Board sticks with request for budget
NASHUA – Last week, the Board of Education sent a message to Mayor Donnalee Lozeau: If she wants the school budget to stay within an increase of 1 percent, she’d have to cut it herself.
After meeting with the mayor on Wednesday, the board of education revised its message.
We still don’t want to cut the budget, the board agreed to tell the mayor. But if you feel you need to, we’ll help set priorities to show you where the cuts should be made.
After hours of working and reworking a motion, with several members pitching suggestions to tweak the wording, the board voted to write the mayor that it is sticking by its budget request for Fiscal Year 2010 of $88.47 million, up 2.47 percent from the current budget.
However, the board also agreed to “provide a prioritization for a reduction” that suggested cuts that would drive the budget down to about $87.63 million, or a 1.49 percent increase, according to the motion proposed mainly by member Rick Dowd, but revised with the help of Robert Hallowell and other board members.
The board hung its discussions on establishing the 1.49 percent as a bottom-line threshold because it preserved a $45,600 school nurse position.
Speaking to the board at the beginning of the meeting, Lozeau said she was asking for the board to work with her to keep the budget increase to the 1 percent she is asking of all city departments.
But Lozeau added, “If you come in at 1.49 (percent), I’m not going to lose any sleep over it.”
Board members took her statement to be not only a green light to establish that threshold, but also a commitment that Lozeau would champion a school budget with a 1.49 percent increase when she presents it to the board of aldermen on Tuesday.
Under city charter, the mayor is empowered to cut the total amount of the school budget. She also can suggest reductions in individual spending lines, though the school board isn’t bound to honor those suggestions.
After the mayor presents the budget to the aldermen, it becomes their budget. Aldermen likewise can cut the bottom line of the school budget and suggest line-item cuts that the school board isn’t required to honor.

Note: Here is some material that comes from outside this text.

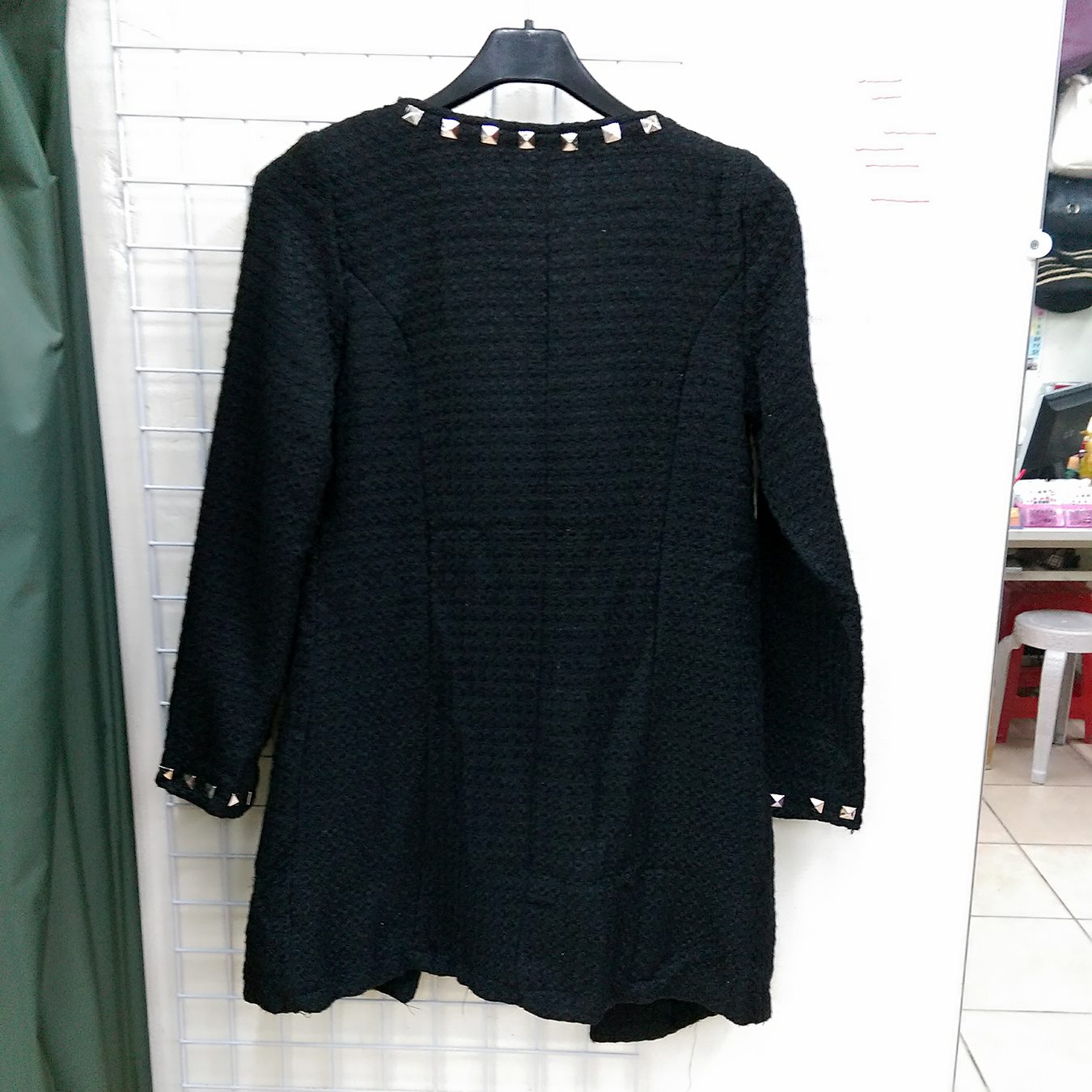9成新 外套 售價550 平放測量方法不同,可能存在2厘米左右的誤差 面料:毛料 顏色:黑色 彈性:無 其它輔件:無 尺寸:F 胸圍:42cm 肩寬:33cm 袖長:56cm 衣長:78cm

But Lozeau said she wanted to work with the board of education in reducing the budget rather than ignoring their wishes and acting unilaterally.
“I want to work with you, and I don’t want you to feel you’re taking this hit alone,” Lozeau said.
The school board should stick to its guns and present what it feels is an adequate budget to fund the schools, member Jack Kelley said.
“I feel we have to go forward with what we feel the district needs to operate,” Kelley said.
Later in the discussion, he argued that the school board shouldn’t agree in principle with the mayor that the budget should be reduced, only set priorities for cuts if they’re unavoidable, with the understanding that the money should be restored if additional revenue is found.
Lozeau called Kelley out on comments he made last week that appeared to say the mayor was looking to cover herself politically by requesting the budget cuts.
Kelley apologized for the remark.
“As soon as I made the comment, I knew it was going to be in The Telegraph’s article. I knew it,” Kelley said.
What he meant to say was that the mayor had the right to make reductions in the budget’s bottom line, Kelley said.
As for the list of priorities to get to the 1.49 percent threshold, the board of education earmarked seven areas.
In order of priority:
$97,000 from salary increases. These could be made up through attrition if an administrator or veteran teachers retire and are replaced by inexperienced teachers, or by reductions in nonunion salaries.
$213,000 from plant operations.
$150,000 from special services.
$52,552 in media and technical services.
$223,289 from middle school instruction.
$47,965 in student services from the summer school program.
$57,336 from career and technical instruction. The board’s feeling was that money could be found from another source, perhaps economic stimulus funds.